Exercise requirements: Leaving out the pictures, return word for word the stretch of entries below from the line holding "Dieses kleine Kreuz" through the line holding "日照 | 積雪 | 降雪 |".

Data shown:
--
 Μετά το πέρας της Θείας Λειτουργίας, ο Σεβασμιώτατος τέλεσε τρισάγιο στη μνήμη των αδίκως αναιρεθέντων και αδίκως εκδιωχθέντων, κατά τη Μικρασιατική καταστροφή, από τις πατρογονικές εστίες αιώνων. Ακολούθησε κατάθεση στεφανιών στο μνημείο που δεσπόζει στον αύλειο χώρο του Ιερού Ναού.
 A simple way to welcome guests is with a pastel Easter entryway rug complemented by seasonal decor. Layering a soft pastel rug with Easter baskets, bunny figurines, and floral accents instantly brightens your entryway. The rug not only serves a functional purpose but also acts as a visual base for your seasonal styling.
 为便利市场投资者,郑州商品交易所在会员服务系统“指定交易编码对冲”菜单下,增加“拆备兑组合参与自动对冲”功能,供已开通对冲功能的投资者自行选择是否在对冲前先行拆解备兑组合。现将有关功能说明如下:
--
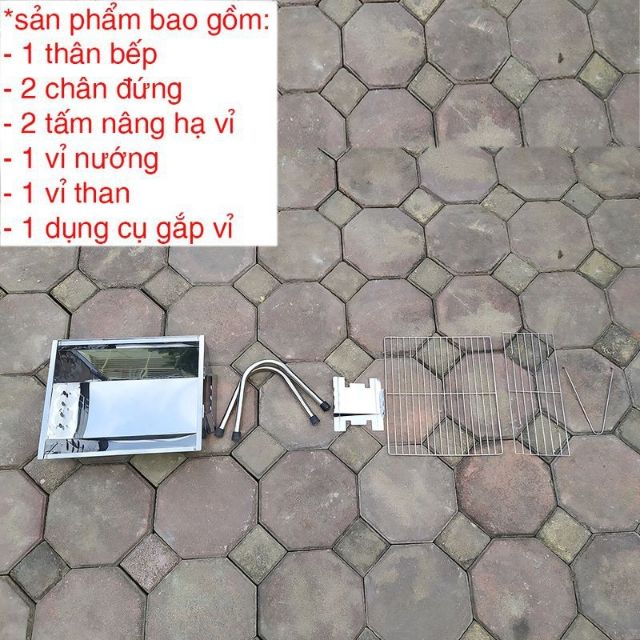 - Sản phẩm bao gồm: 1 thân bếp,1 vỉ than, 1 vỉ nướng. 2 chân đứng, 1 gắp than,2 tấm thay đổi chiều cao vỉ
--
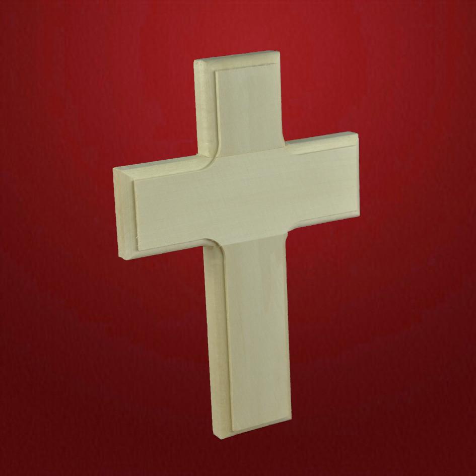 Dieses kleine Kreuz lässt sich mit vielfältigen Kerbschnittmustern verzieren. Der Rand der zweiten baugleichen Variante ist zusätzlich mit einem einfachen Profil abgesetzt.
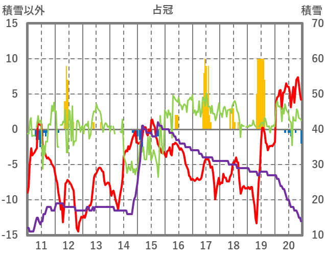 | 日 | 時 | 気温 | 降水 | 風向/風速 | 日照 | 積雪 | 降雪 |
--
Task response:
 Dieses kleine Kreuz lässt sich mit vielfältigen Kerbschnittmustern verzieren. Der Rand der zweiten baugleichen Variante ist zusätzlich mit einem einfachen Profil abgesetzt.
 | 日 | 時 | 気温 | 降水 | 風向/風速 | 日照 | 積雪 | 降雪 |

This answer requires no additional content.